“Reasonably anticipated litigation” is a necessary element you need to show to benefit from the common interest privilege in your attempt to withhold certain documents already shared with a third-party during a pending suit in New York – but, when does this privilege apply and what does “reasonably anticipated litigation” actually mean?

Recently, Justice Andrew Borrok issued a decision which analyzed the applicability of the “common interest privilege” and the need to prove the element of “reasonably anticipated” litigation when relying on this privilege in New York courts as a basis for withholding certain discovery.

In Starr Russia Investments III B.V. v Deloitte Touche Tohmatsu Ltd., Plaintiff Starr Russia Investments III B.V. (“Starr”) brought a fraud action against Deloitte Touche Tohmatsu Ltd. and various related entities, including ZAO Deloitte & Touche CIS (“D-ZAO”), claiming that Starr was fraudulently induced by Defendants to invest, between 2008 and 2010, approximately $110 million in Investment Trade Bank (“ITB”), a Russian joint stock company controlled by a Russian national, and that Starr lost the full value of its investment when, in 2015, the Central Bank of Russia revealed that ITB had amassed a huge capital deficit and was deemed insolvent.

Starr claimed that it engaged Allen and Overy (“A & O”) to represent it in its investment in the ITB transaction.  Shortly after, Starr approached FPK Capital/J.C. Flowers (“JC Flowers”) about becoming a co-investor.  JC Flowers engaged Skadden, Arps, Slate, Meagher & Flom LLP (“Skadden”) to represent it in the transaction.  Skadden commissioned the Risk Advisory Group (“RAG”) to produce a report as part of its due diligence (the “RAG Report”).  Skadden, in turn, shared the RAG Report, dated June 9, 2008, with Starr based on the parties’ agreement to share due diligence materials.

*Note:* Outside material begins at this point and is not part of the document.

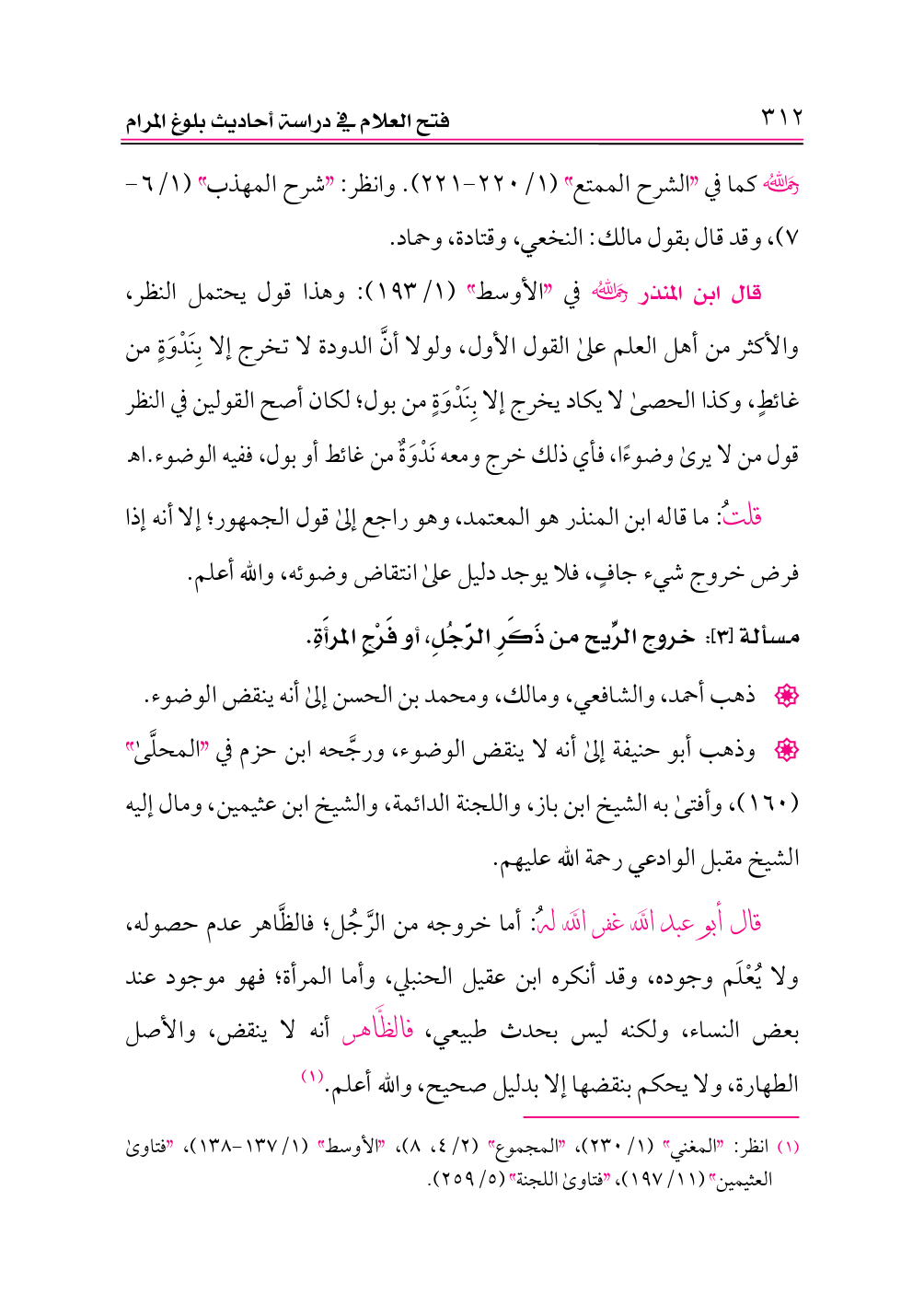 (¬١) انظر: «المغني» (١/ ٢٣٠)، «المجموع» (٢/ ٤، ٨)، «الأوسط» (١/ ١٣٧ - ١٣٨)، «فتاوى العثيمين» (١١/ ١٩٧)، «فتاوى اللجنة» (٥/ ٢٥٩).
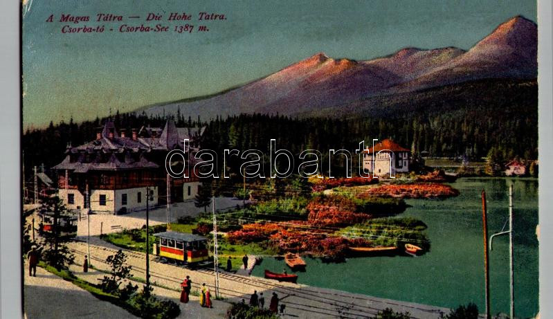 1918 Tátra, Magas-Tátra, Vysoké Tatry; Csorba tó, villamos / Strbské P... https://www.darabanth.com/hu/471-Gyorsarveres/471.0/Kepeslapok/Felvidek~2000007/1918-Tatra-Magas-Tatra-Vysoke-Tatry-Csorba-to-villamos-Strbske-Pleso-lake-tram~II3185208

D-ZAO moved to compel Starr to produce the RAG Report and its communications discussing the report’s factual findings and responsive documents it shared with third-parties, including JC Flowers from 2007 to 2015.

Starr refused to produce the RAG Report, claiming that it was protected by the attorney-client privilege and the common interest privilege.

With respect to attorney-client privilege, the Court held that because there was neither a written expression of joint representation by Skadden and A & O as to both JC Flowers and Starr nor a written agreement indicating that the documents shared during the course of due diligence were privileged and could not be shared with others, the RAG Report was not protected by the attorney-client privilege.

With respect to Starr’s claim that the Rag Report was protected by the common interest privilege, the Court analyzed whether the report was prepared in anticipation of litigation, a necessary element in New York.

Under New York law, the common interest privilege is applicable to attorney-client communications disclosed to a third-party where

(1) the third-party shares a common legal interest;

(2) the confidential communication is made in furtherance of that common legal interest; and

(3) the confidential communication relates to pending or reasonably anticipated litigation.

These elements were articulated in the seminal case of Ambac Assurance Corporation v Countrywide, in which the New York Court of Appeals recognized the applicability of the common interest privilege to both criminal and civil matters and rejected expanding the privilege to commercial transactions in the antitrust context where communications do not concern pending or reasonably anticipated litigation.

The Court in Ambac recognized that on a public policy level, the common interest privilege promotes the exchange of privileged information and candor that may otherwise be inhibited by the threat of mandatory disclosure, thereby creating an environment which encourages the coordination of legal strategy where “parties are engaged in or reasonably anticipate litigation in which they share a common legal interest.”

The law in New York State, however, differs from the applicability of the common interest privilege in several federal courts.  For example, the Second, Third, Seventh and Federal Court of Appeals Circuits have rejected the “pending or reasonably anticipated litigation” requirement and applied the common interest privilege in purely transaction contexts.

Ultimately, relying on the precedence set in Ambac, the Court found that the common interest privilege was inapplicable where the RAG Report was prepared for transaction structuring purposes.  In fact, the Court noted that Starr began to “reasonably anticipate litigation” in 2011 when they began to hire outside counsel concerning potential contract claims arising from the shareholders’ agreement.  Although Starr attempted to argue that it already anticipated litigation in 2008, around the time that the RAG Report was prepared, based on an email from JC Flowers which described litigation risks associated with the transaction, the Court held that there was no evidence of a demand, or a refusal of a demand or any other indication that Starr would sue or be sued. Simply put, “[t]he fact that one evaluates litigation risk and or uses litigation risk as a negotiating tool does not mean that litigation is reasonably anticipated.”

Takeaway: New York transaction attorneys and litigators should be mindful of New York State’s restrictive applicability of the common interest privilege where they can expect that documents and communications exchanged with third-parties during a commercial transaction are likely discoverable during litigation.